(Beginning of Source material)

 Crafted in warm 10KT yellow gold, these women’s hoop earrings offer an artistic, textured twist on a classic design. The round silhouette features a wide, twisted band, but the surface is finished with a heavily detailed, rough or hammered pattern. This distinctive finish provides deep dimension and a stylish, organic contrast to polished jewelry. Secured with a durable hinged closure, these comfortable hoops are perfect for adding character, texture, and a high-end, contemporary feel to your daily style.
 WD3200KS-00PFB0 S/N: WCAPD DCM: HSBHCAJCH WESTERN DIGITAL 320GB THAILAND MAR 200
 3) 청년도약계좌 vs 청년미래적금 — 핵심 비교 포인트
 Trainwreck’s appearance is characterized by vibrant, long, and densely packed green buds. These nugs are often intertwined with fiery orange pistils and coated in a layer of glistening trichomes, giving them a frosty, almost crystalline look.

(End of Source material)
(Beginning of Source material)

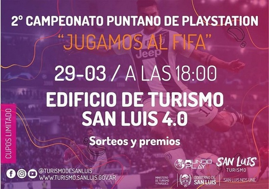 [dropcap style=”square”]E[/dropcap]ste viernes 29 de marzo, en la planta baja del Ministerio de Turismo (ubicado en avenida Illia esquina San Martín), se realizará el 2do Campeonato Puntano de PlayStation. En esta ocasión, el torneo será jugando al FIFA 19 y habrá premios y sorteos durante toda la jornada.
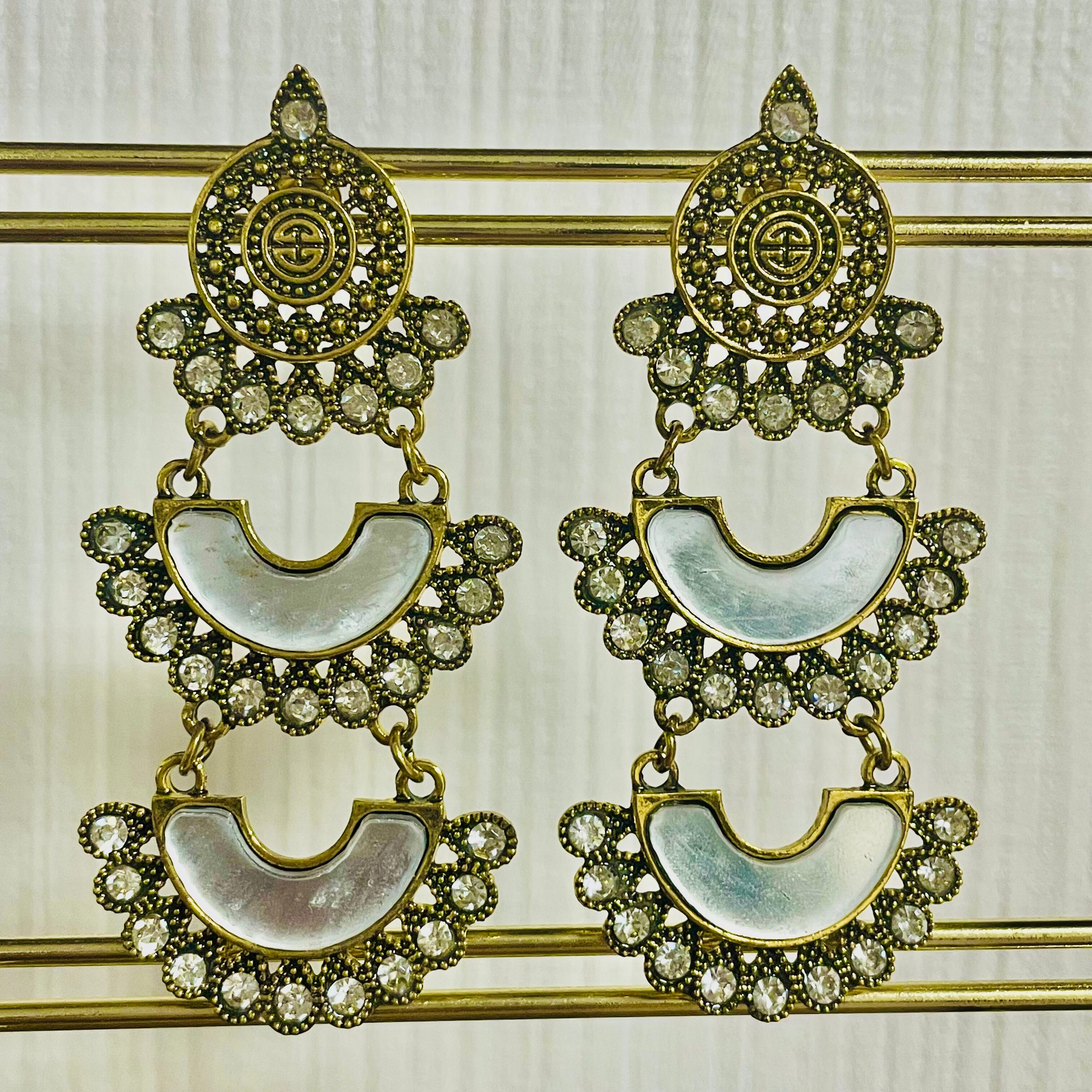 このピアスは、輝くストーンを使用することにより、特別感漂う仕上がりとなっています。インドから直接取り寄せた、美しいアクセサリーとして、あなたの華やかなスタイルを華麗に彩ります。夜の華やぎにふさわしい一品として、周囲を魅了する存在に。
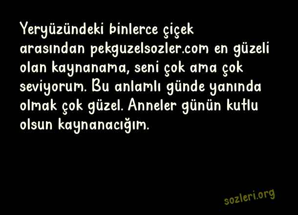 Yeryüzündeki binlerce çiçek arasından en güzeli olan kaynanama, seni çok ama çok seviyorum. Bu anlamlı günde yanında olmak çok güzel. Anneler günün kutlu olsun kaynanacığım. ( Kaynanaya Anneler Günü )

(End of Source material)
(Beginning of Source material)

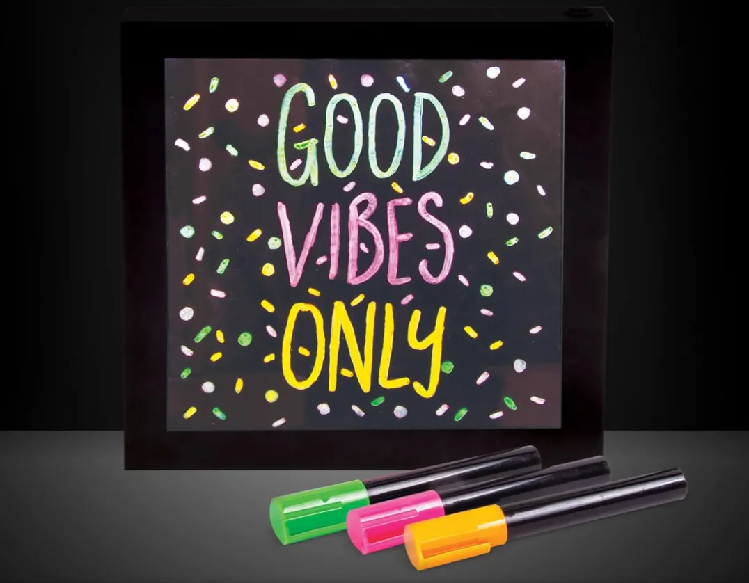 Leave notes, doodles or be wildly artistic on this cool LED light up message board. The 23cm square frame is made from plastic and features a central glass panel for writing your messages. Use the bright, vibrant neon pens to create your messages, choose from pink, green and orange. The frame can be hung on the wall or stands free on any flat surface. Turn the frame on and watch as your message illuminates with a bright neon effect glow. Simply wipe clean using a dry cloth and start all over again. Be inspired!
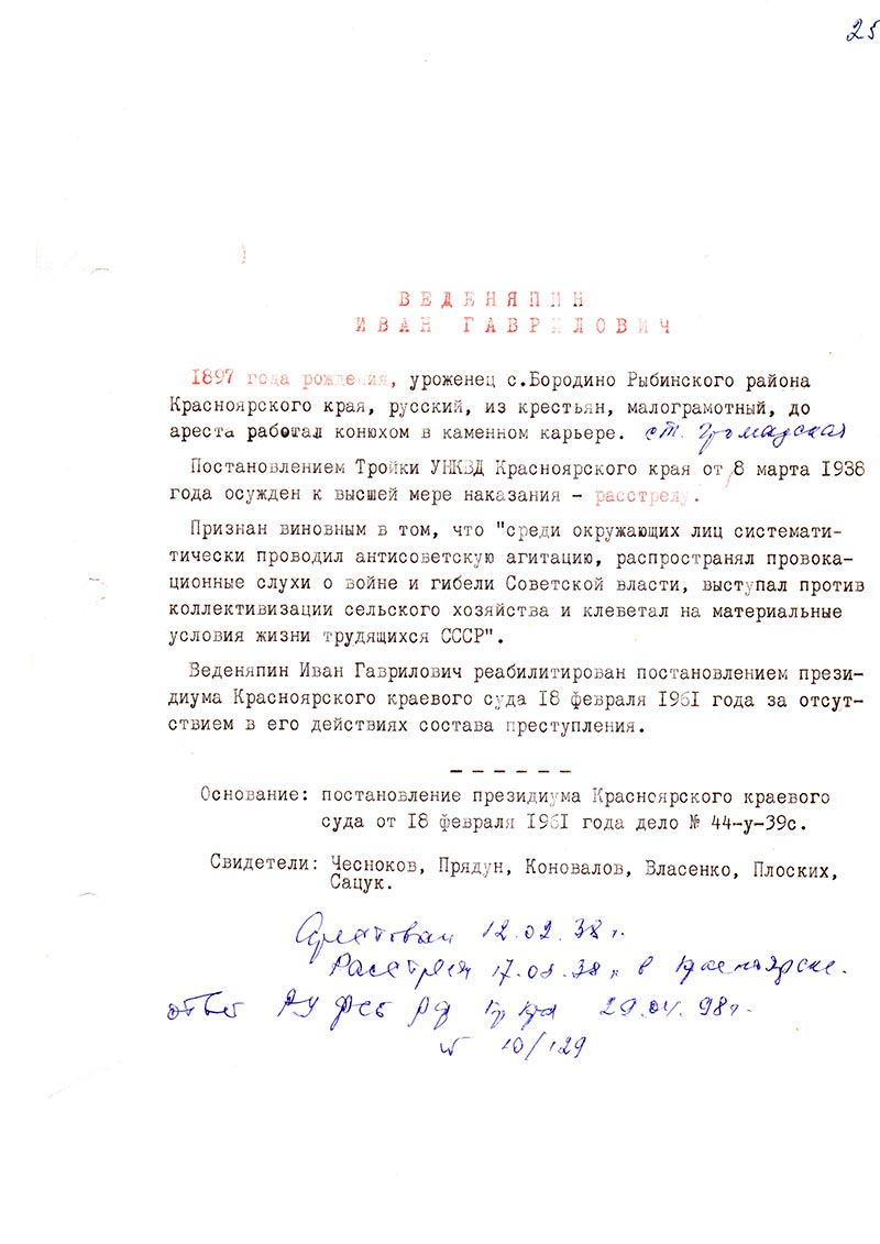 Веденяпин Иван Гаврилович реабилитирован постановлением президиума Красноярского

(End of Source material)

▶ [Problem to work on]:
Take only the lines above from the one that has "このピアスは、輝くストーンを" through the one that has "Yeryüzündeki binlerce çiçek" and reproduce them exactly, omitting any pictures.

▶ [Response area]:
 このピアスは、輝くストーンを使用することにより、特別感漂う仕上がりとなっています。インドから直接取り寄せた、美しいアクセサリーとして、あなたの華やかなスタイルを華麗に彩ります。夜の華やぎにふさわしい一品として、周囲を魅了する存在に。
 Yeryüzündeki binlerce çiçek arasından en güzeli olan kaynanama, seni çok ama çok seviyorum. Bu anlamlı günde yanında olmak çok güzel. Anneler günün kutlu olsun kaynanacığım. ( Kaynanaya Anneler Günü )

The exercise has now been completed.